It's not clear to me why we need to enter into so much details here.
Isn't it quite clear that in4 has one child, with func A, because cn2 has one parent, which is A? I'm sure I'm missing some complexity...

Is that to detail how many steps we need to go up from cn2's self func to find the children?

Hmm that's a good point, it really looks rather obvious if you put it like that. Yes, the purpose was to show that you need to go up one level from the self node if you want to know the function of the inverted child. I can try to shorten this.

Maybe one key is to talk about iterations too.
Iteration 0: compute children of root
Iteration 1: compute children of one of these children
Iteration 2: compute children of one of the children of iteration 1.

And mention that these iterations are not done right away but only on demand from a user action (for example the user expands a row in the inverted call tree, or clicks somewhere in the activity graph). This way this links the algorithm with what happens in the app and makes things more concrete.

Good idea with the iterations!

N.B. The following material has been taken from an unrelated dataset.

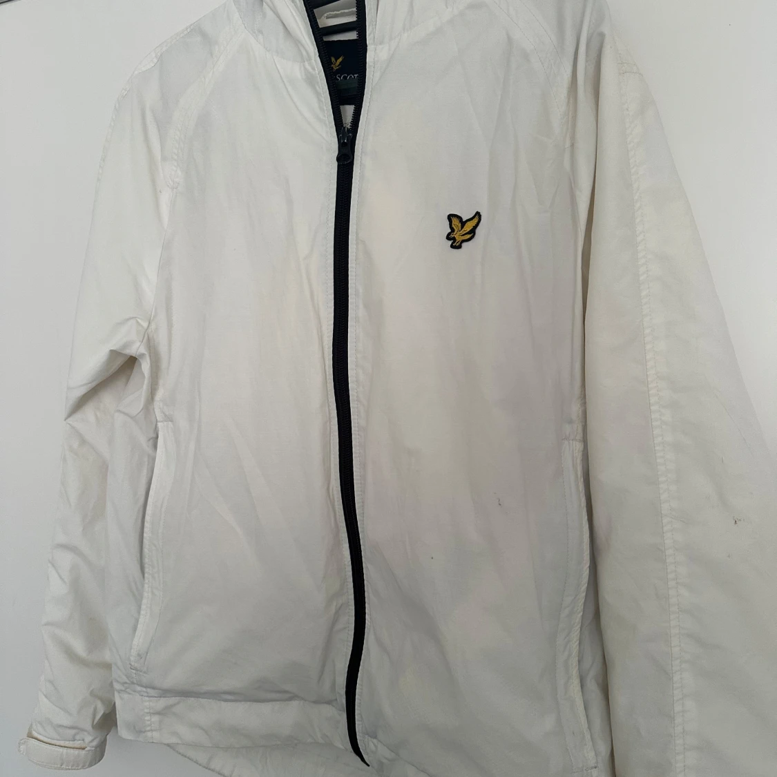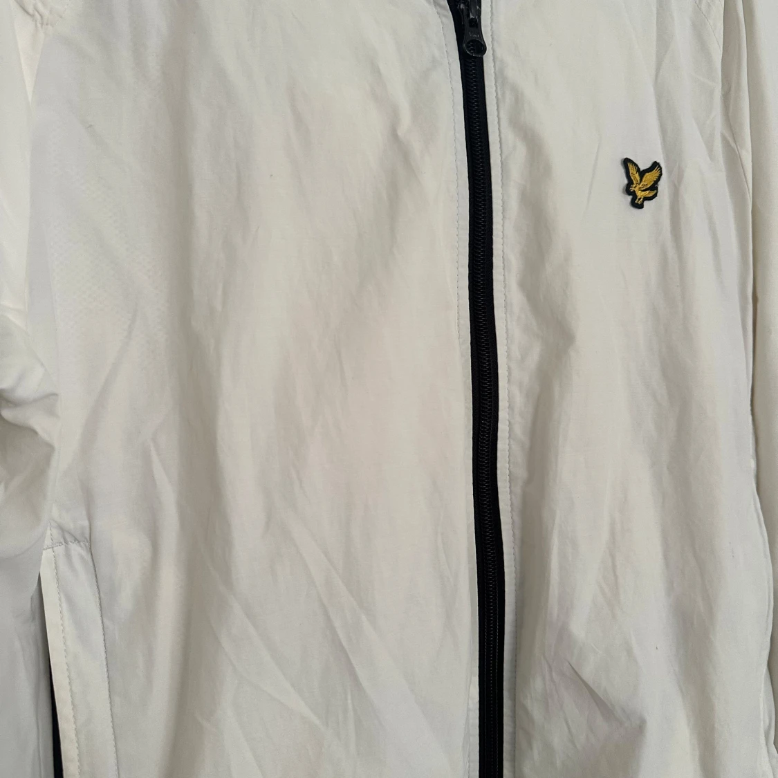 Snygg vit vindjacka från Lyle & Scott i storlek M. Jackan har svart dragkedja framtill, även en väldigt svår modell att få tag på. Jackan är använd men har inga skador osv och är i fint skick. Priset kan diskuteras vid snabbköp.
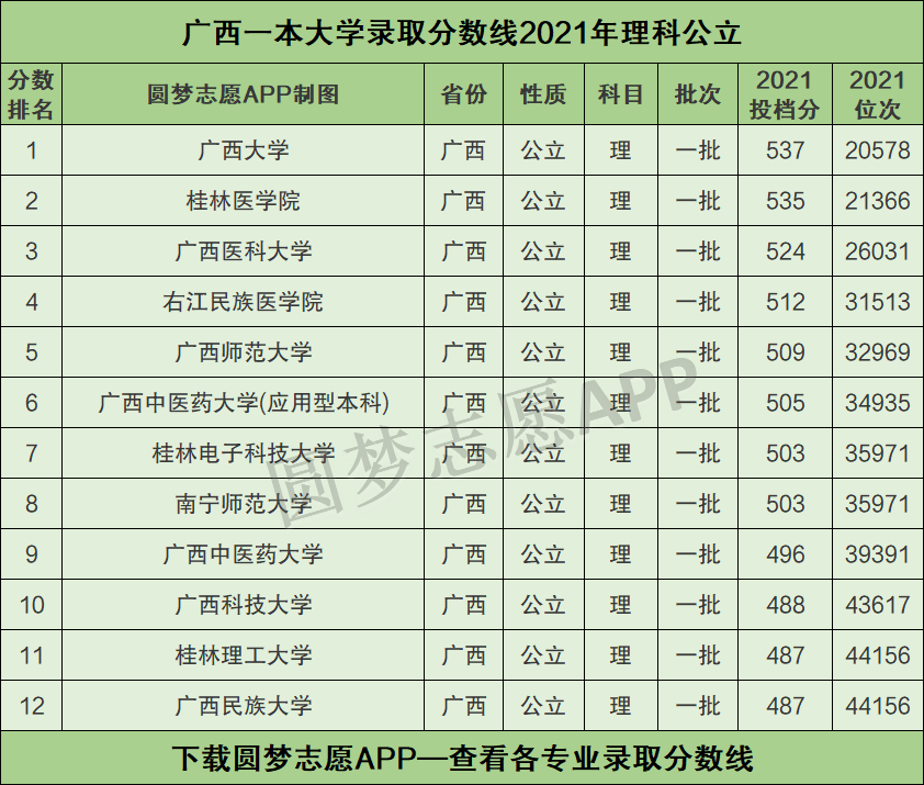 一、广西一本大学录取分数线2021年排名(理科公立)

Added.

julienw · 2025-02-05T17:48:50Z

src/profile-logic/call-node-info.js

+ * cn2's 0th parent is cn2.
+ * cn2's 1st parent is cn1.
+ * cn2's 2nd parent (i.e. its grandparent) is cn0.


Suggested change

* cn2's 0th parent is cn2.

* cn2's 1st parent is cn1.

* cn2's 2nd parent (i.e. its grandparent) is cn0.

* cn2's 0th parent is cn2 (func: A).

* cn2's 1st parent is cn1 (func: B).

* cn2's 2nd parent (i.e. its grandparent) is cn0 (func: A).

Note: I find this more concise and clearer than the write-up above! Maybe the write-up above could just be that too?

Good idea, I've changed it to consistently have (func: X) behind most nodes.

julienw · 2025-02-05T17:56:07Z

src/profile-logic/call-node-info.js

+ * So in5 has no children.
+ *
+ * ---
+ *


nit: add a title such as Why do we keep a "deepNodes" property in the inverted table so that we can grep it easily (and follow where you're going)

That's a great idea!

julienw · 2025-02-05T18:00:01Z

src/profile-logic/call-node-info.js

+  // For a non-root node x of the inverted tree, let k = depth[x] its depth in the inverted tree,
+  // and deepNodes = deepNodes[x] be its non-null deep nodes.
+  // Then, for every index i in suffixOrderIndexRangeStart[x]..suffixOrderIndexRangeEnd[x],
+  // the k'th prefix node of suffixOrderedCallNodes[i] is stored at deepNodes[x][i - suffixOrderIndexRangeStart[x]].


Yep I've just read it! It's a lot clearer now.
Maybe this comment here would be better as a reference to the comment above then?

Something such as:

The array at index k caches the children for the inverted node k, up to some depth. This is useful to quickly compute the children for this inverted node. Afterwards it's set to null for that index, but passed on to its children. Please refer to the comment on CallNodeInvertedImpl below for a more detailed explanation.

julienw · 2025-02-05T18:00:59Z

src/profile-logic/call-node-info.js

+  // and deepNodes = deepNodes[x] be its non-null deep nodes.
+  // Then, for every index i in suffixOrderIndexRangeStart[x]..suffixOrderIndexRangeEnd[x],
+  // the k'th prefix node of suffixOrderedCallNodes[i] is stored at deepNodes[x][i - suffixOrderIndexRangeStart[x]].
+  deepNodes: Array<Uint32Array | null>, // IndexIntoInvertedNonRootCallNodeTable -> (Uint32Array | null)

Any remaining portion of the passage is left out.